On the Linux shell relevant information about the CUDA environment looks differently:

mytux:~ # nvcc --version
nvcc: NVIDIA (R) Cuda compiler driver
Copyright (c) 2005-2025 NVIDIA Corporation
Built on Wed_Jan_15_19:20:09_PST_2025
Cuda compilation tools, release 12.8, V12.8.61
Build cuda_12.8.r12.8/compiler.35404655_0

Ways out of the problem

In my opinion there are 4 ways out of the problem – if you do not want to change the installed TF scripts or to perform your own compilation of PyTorch:

Use two different virtual environments for PyTorch and for TF2 experiments.
Fumble around with TF2-version and torch-versions in one and the same virtual Python environment, such that both frameworks are compatible with the CUDA-installation enforced by PyTorch. Or by tensorflow, for which a fitting CUDA version be added via a modification of the pip command ( pip install tensorflow[and-cuda] ). ]
Adapt the version of your global CUDA installation to one corresponding to the PyTorch enforced one.
Use the function tensorflow.load_library () on your PC with the global CUDA installation.

The first option is certainly easy to implement. But what if you want to run parts of your programs with Pytorch and parts with TF2? Options 2 and 3 require significant efforts ahead of any further updates of either TF and PyTorch. They also have the disadvantage that you cannot test the latest CUDA version for compatibility and performance of your ML-programs.

Function tensorflow.load_library to the rescue

Option 4 is based on providing a path to a certain so-library for cudnn on your Linux system. It will work in this form on your own Linux system, only, and is not suited for a productive version of your ML-application on another platform without proper modifications. But it is simple to use – and it can easily be eliminated as soon as your ML-programs are ripe for production.

Option 4 works because once you have loaded a certain library to be used by TF2, it will not be loaded again. Therefore, you can direct TF to our global so-library via providing a path to tensorflow.load_library (), before TF2 actually takes control of your computation device.

In my case the global installation of CUDA (via a respective repository for Opensuse) changed links in /usr/lib64 already properly to point to the directory of the system’s global CUDA-installation (you find it typically under /usr/local/cuda-xx.x or under /opt/cuda-xx.x on a Linux system). /If your links in /usr/lib64 are not set or do not fit the actual CUDA installation, you may need to change them manually.) I provide the following path very early in my Python programs in a section for loading modules:

import tensorflow as tf
tf.load_library("/usr/lib64/libcudnn.so")
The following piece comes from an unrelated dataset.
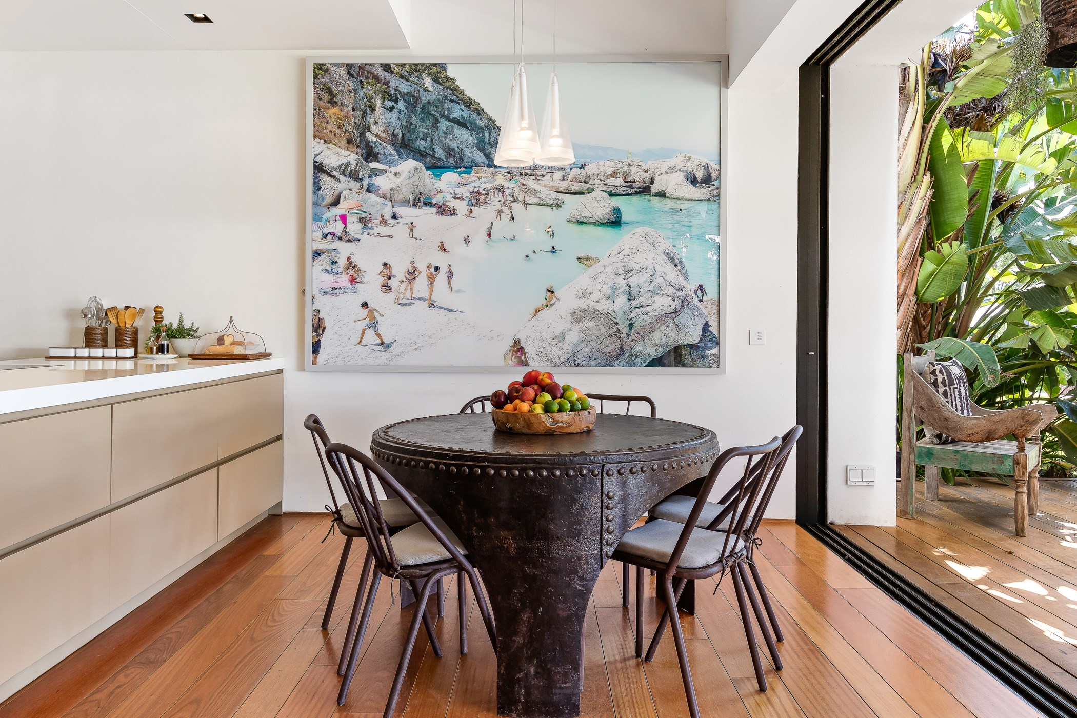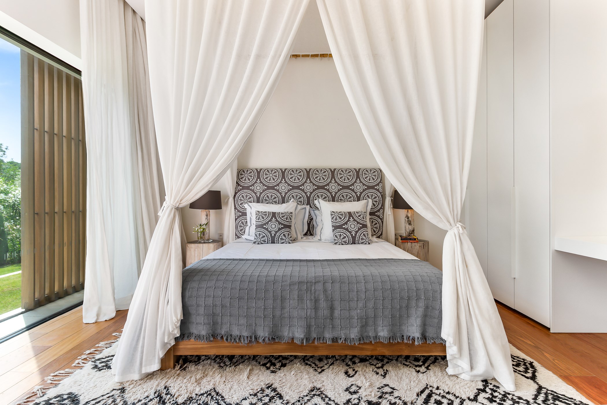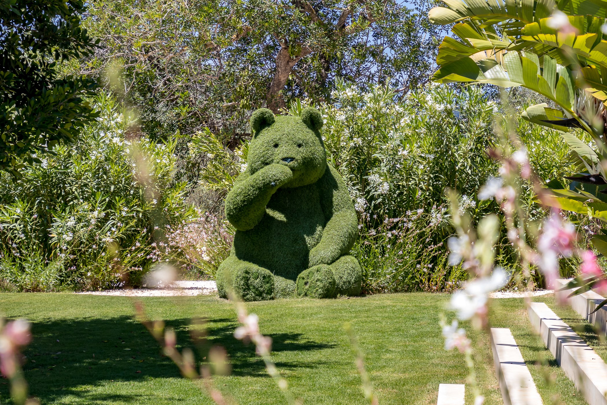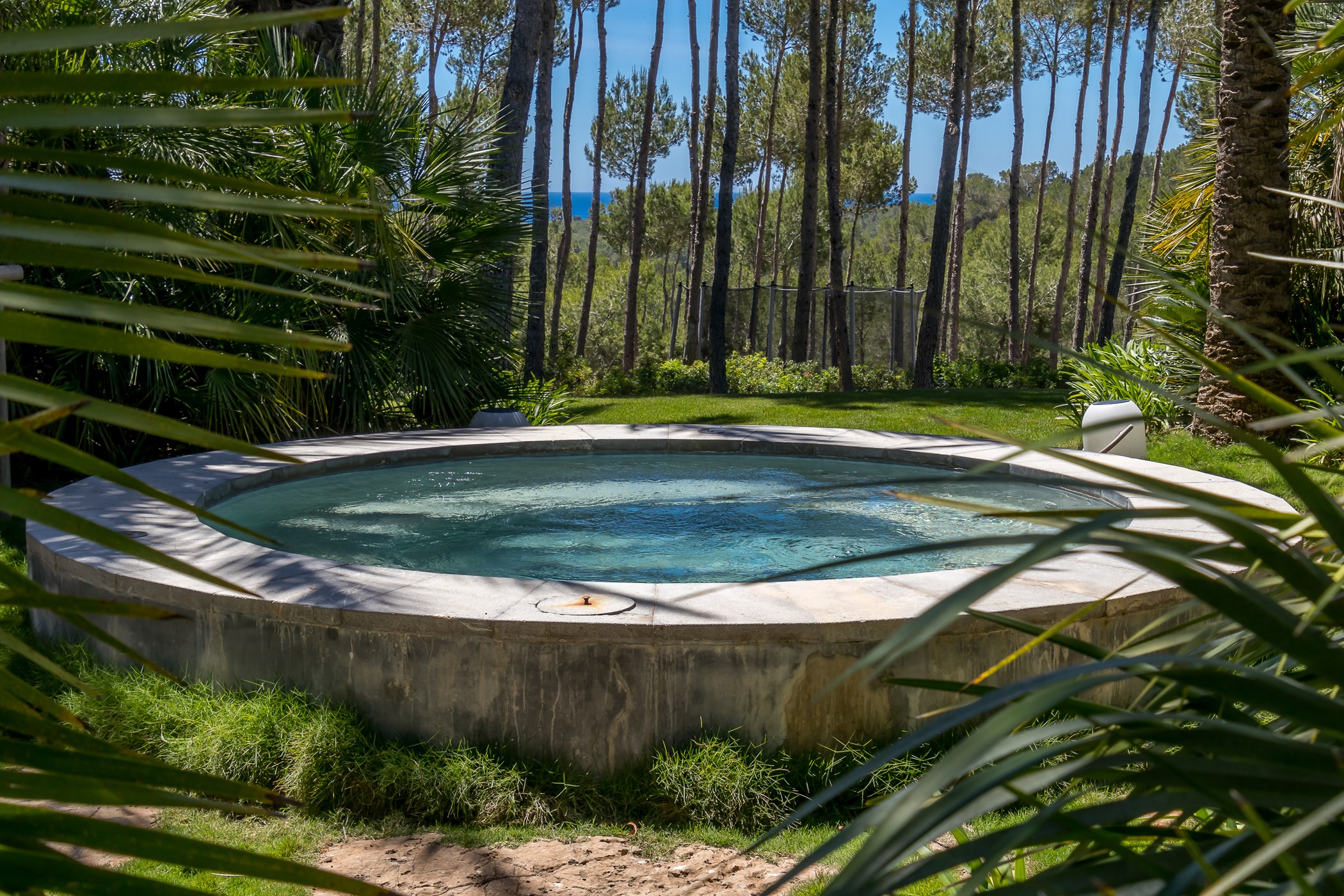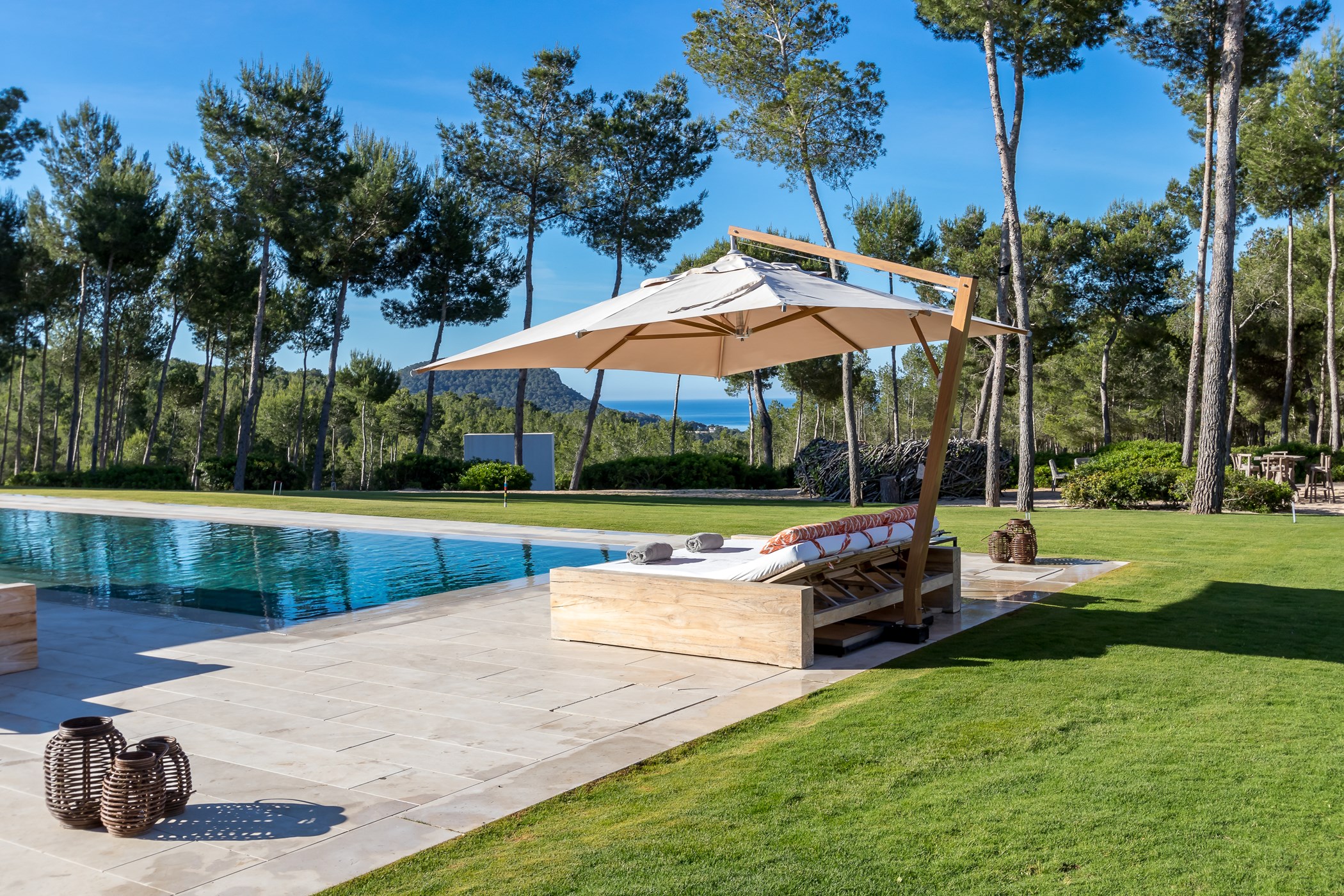 Set amidst swaying palms and fragrant pines, the villa’s landscaped grounds are equally impressive. At the heart is a striking infinity pool, surrounded by sculpted lawns and curated art installations. Highlights include a large Jacuzzi, pétanque court, and a custom-designed outdoor cinema.

This worked perfectly, as the path leads to a link pointing to my 9.7.1 version of cudnn.so. I got no error messages and I could use Pytorch and TF2 in one and the same code (of course for two separately set up neural network models according to each platforms rules).

Conclusion

The coexistence of a local CUDA/cudnn installation in a Python environment can conflict with a global CUDA/cudnn installation on your Linux-system. Directing TF2 to load the right version of the cudnn-library so-module via a parameter to tf.load_library is an easy and controllable way to circumvent version problems. I hope that someone of the TF2 developers in the future invests some time in a better analysis of which cudnn so-module to load on a Linux system with a global CUDA installation – e.g. by following a respective path included in an environment variable LD_LIBRARY_PATH.